Starting from the line with "יחידת מדפים ללא" and going up to and including the line with "Rails有若干幫助者方法以", copy the listing below exactly. Leave all images out.

● Data for analysis:
----------------------------------------
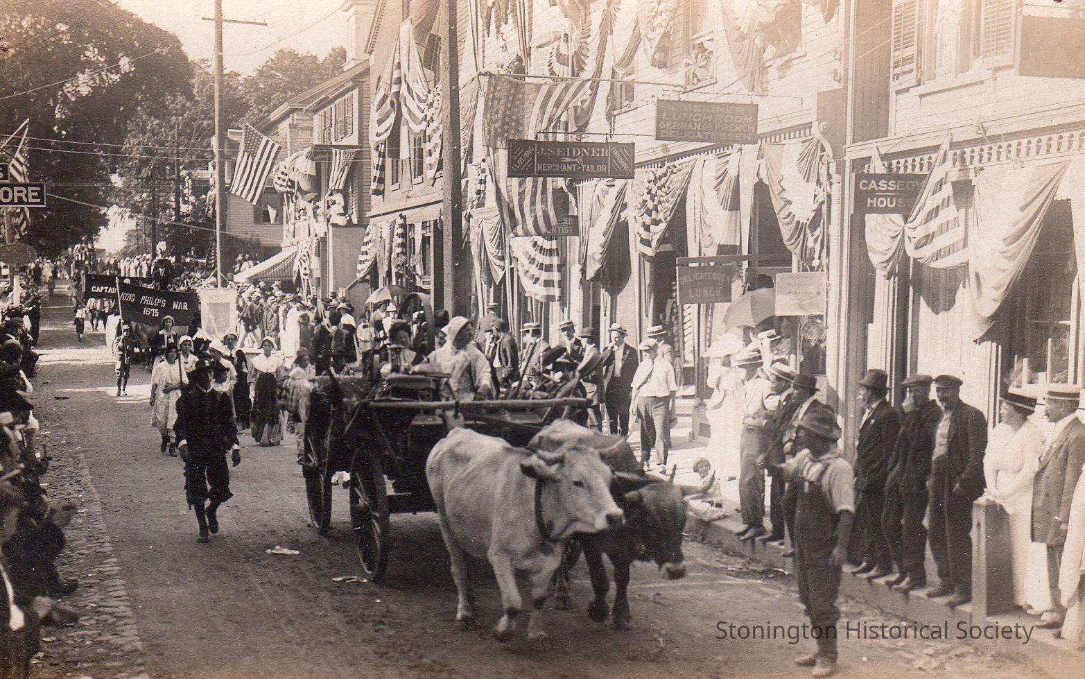 Postcard, black and white photograph of the Battle of 1814 Centennial Parade in Stonington Borough, August 1914.
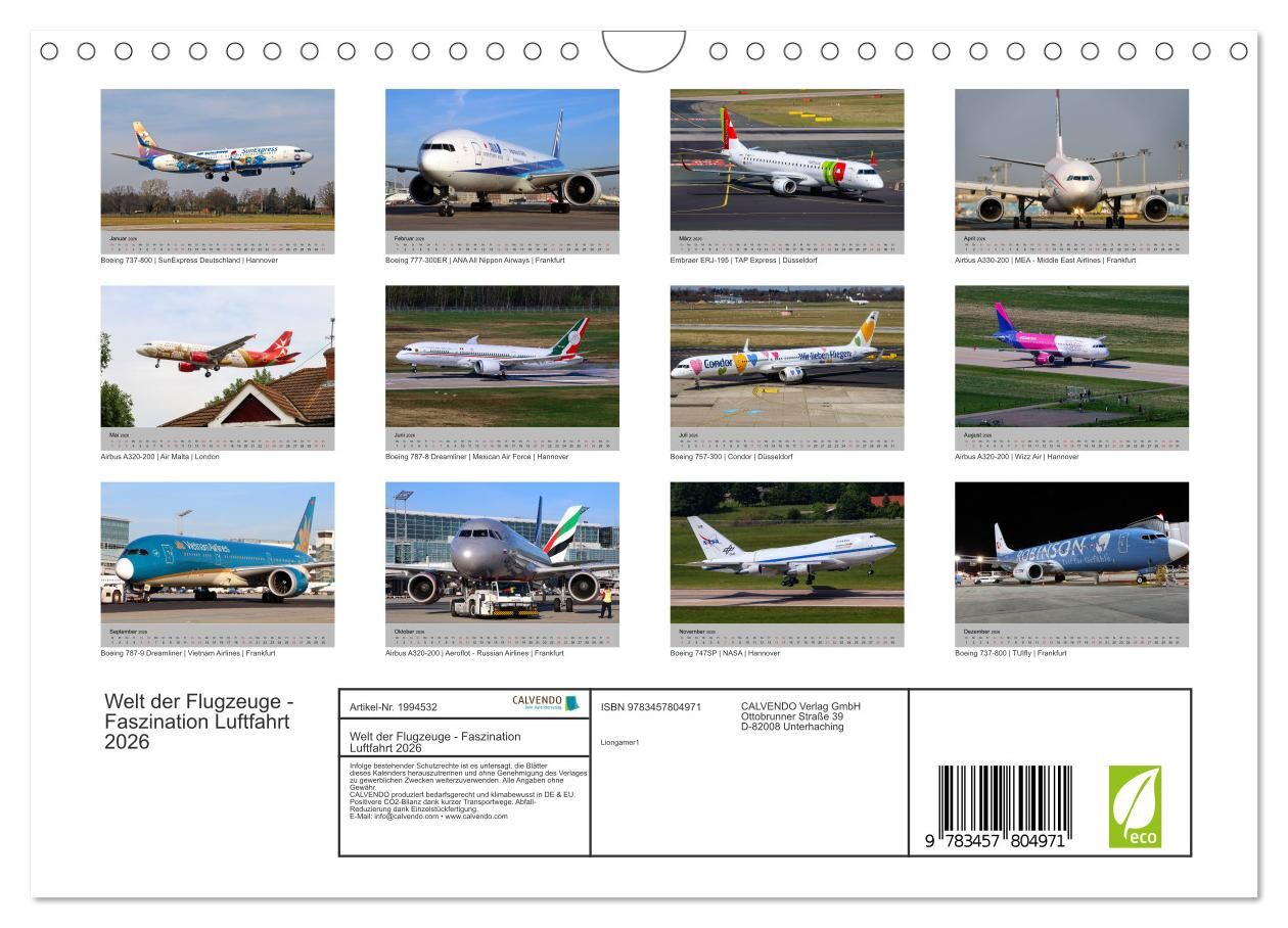 Diesen Kalender möchte kein Flugzeug-Fan missen. Die 12 hochwertigen Farbfotos, die viele unterschiedliche Flugzeugtypen, verschiedener Hersteller, zeigen, wurden größtenteils hautnah an den Flugzeugen, auf dem Vorfeld, aufgenommen.
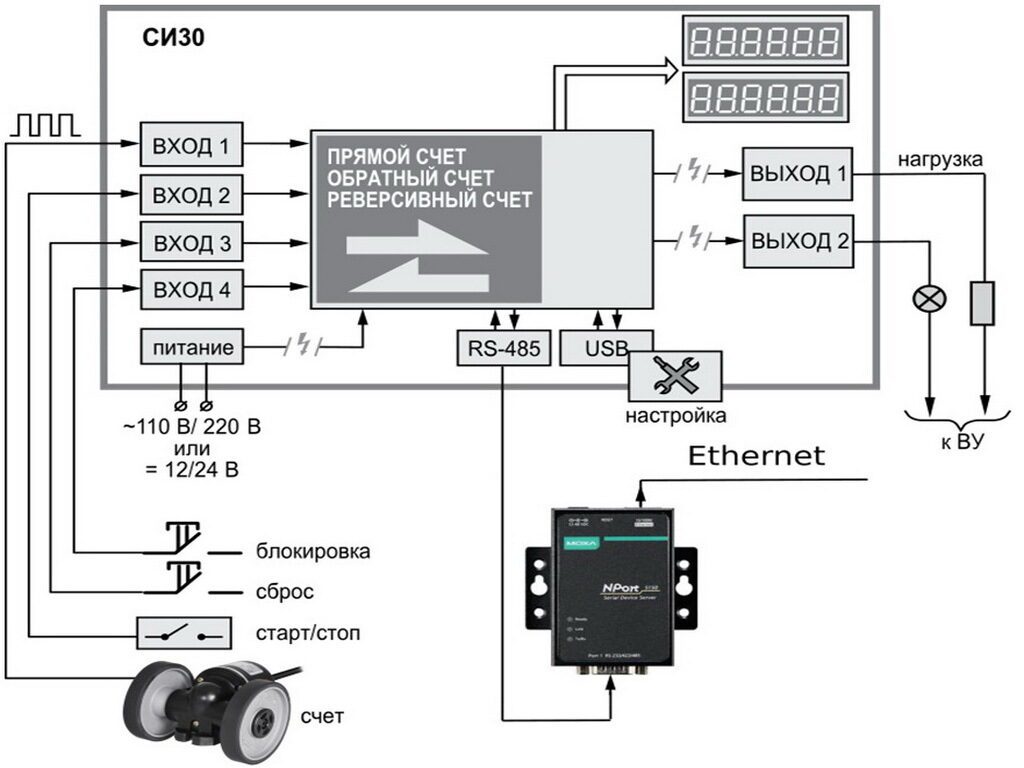 Устройство для измерения длины материала используется для подсчета количества продукции на транспортере или жидкости, длины наматываемого кабеля или экструзионной пленки, сортировки продукции, суммарного количества изделий и т.п. Рекомендуется использовать его совместно с энкодерами.
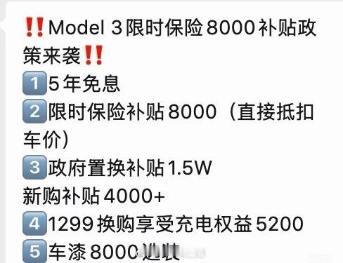 Model 3部分车型享8000元限时保险补贴特斯拉怎么了政策不少了,看来学习了不少其它新势力的新玩法,8000保险补贴不少了~
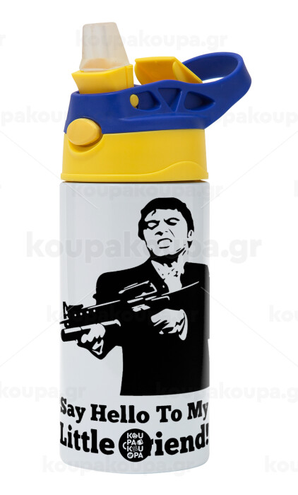 Scarface, Children's hot water bottle, stainless steel, with safety straw, green, blue (360ml) BPA FREE
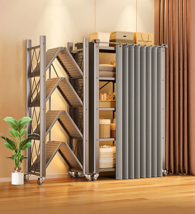 יחידת מדפים ללא התקנה: יחידת המדפים המורכבת מראש מוציאה עבורך את הטרחה מההתקנה ופורסת אותה תוך 5 שניות. עם 4 גלגלים, קל לדחוף אותו לכל מקום. עיצוב מתקפל לנשיאה ואחסון קלים.
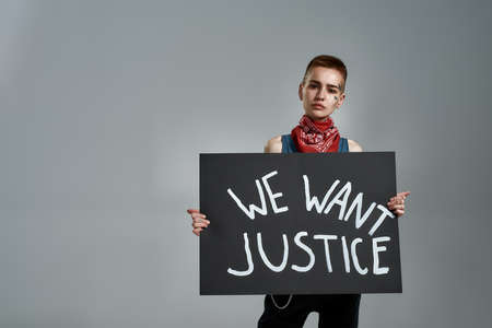 Cool tattooed young caucasian female activist looking at camera, holding cardboard banner with We want justice text, posing isolated over gray background
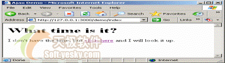 Rails有若干幫助者方法以在你的視圖的模板中實現Ajax。一種最簡單且很通用的方法就是link_to_remote()。讓我們考察一個簡單的web頁面-它實現詢問時間並且有一個鏈接,用戶可以點擊這個鏈接來獲得當前的時間。該應用程序經由link_to_remote()使用AJax以檢索時間並且顯示它於web頁面。
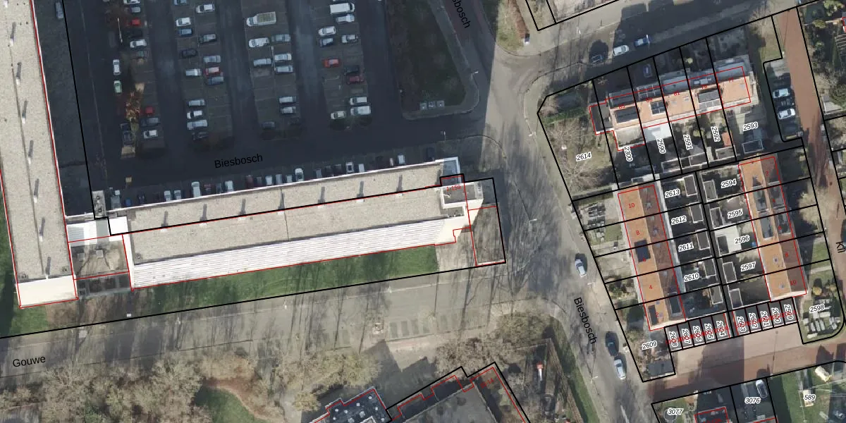 Het perceel waarop Biesbosch 65 staat heeft een oppervlakte van 6800 m². Dit is een zeer groot perceel. De perceeloppervlakte wordt geregistreerd door het Kadaster. Gedetailleerde informatie over de maten van dit perceel kunt u vinden in het rapport Kadastrale kaart met maatvoering van Biesbosch 65.
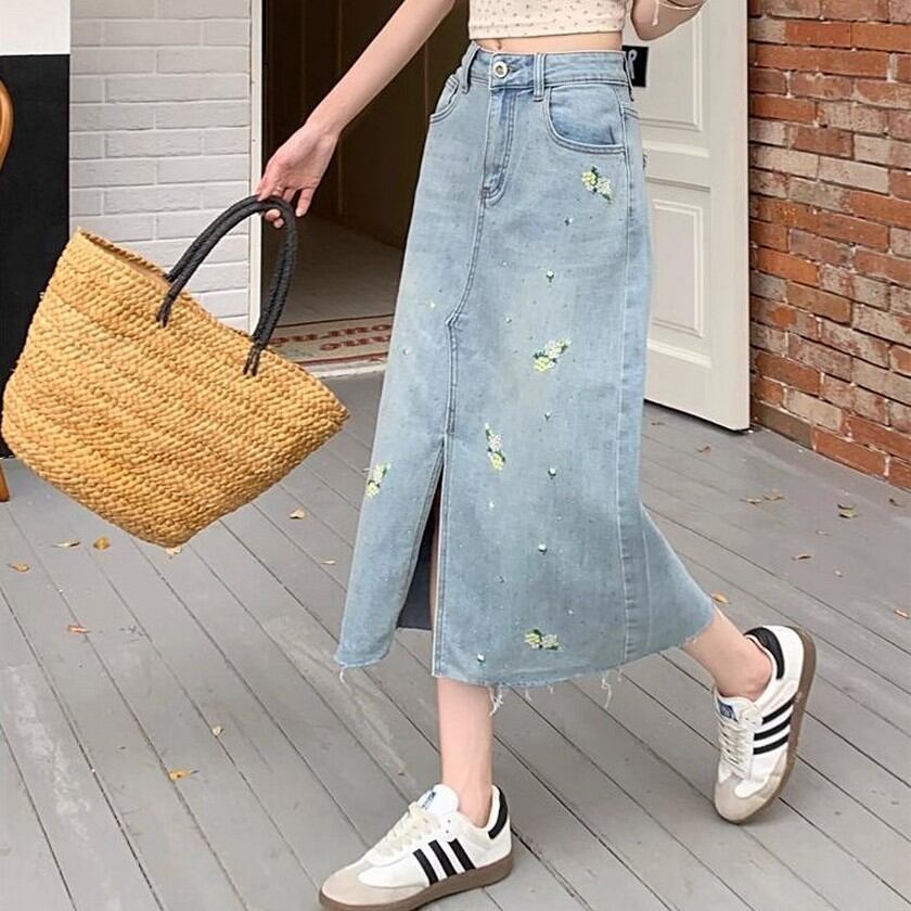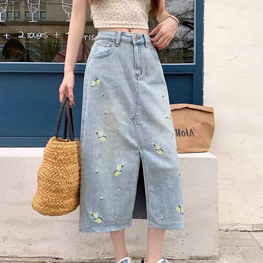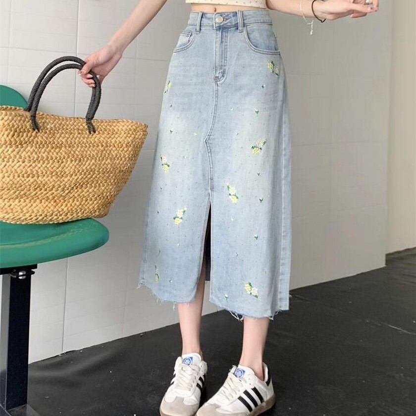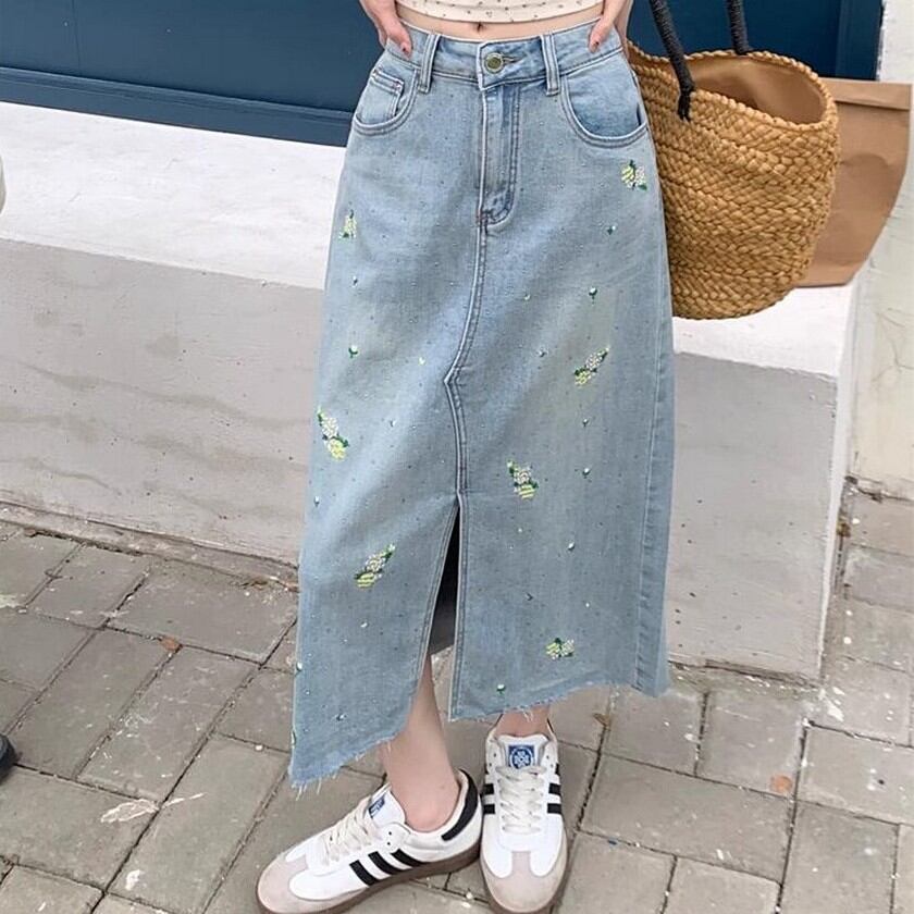 可愛らしい花柄刺繍が散りばめられたデニムスカート✨
----------------------------------------
● Your response:
 יחידת מדפים ללא התקנה: יחידת המדפים המורכבת מראש מוציאה עבורך את הטרחה מההתקנה ופורסת אותה תוך 5 שניות. עם 4 גלגלים, קל לדחוף אותו לכל מקום. עיצוב מתקפל לנשיאה ואחסון קלים.
 Cool tattooed young caucasian female activist looking at camera, holding cardboard banner with We want justice text, posing isolated over gray background
 Rails有若干幫助者方法以在你的視圖的模板中實現Ajax。一種最簡單且很通用的方法就是link_to_remote()。讓我們考察一個簡單的web頁面-它實現詢問時間並且有一個鏈接,用戶可以點擊這個鏈接來獲得當前的時間。該應用程序經由link_to_remote()使用AJax以檢索時間並且顯示它於web頁面。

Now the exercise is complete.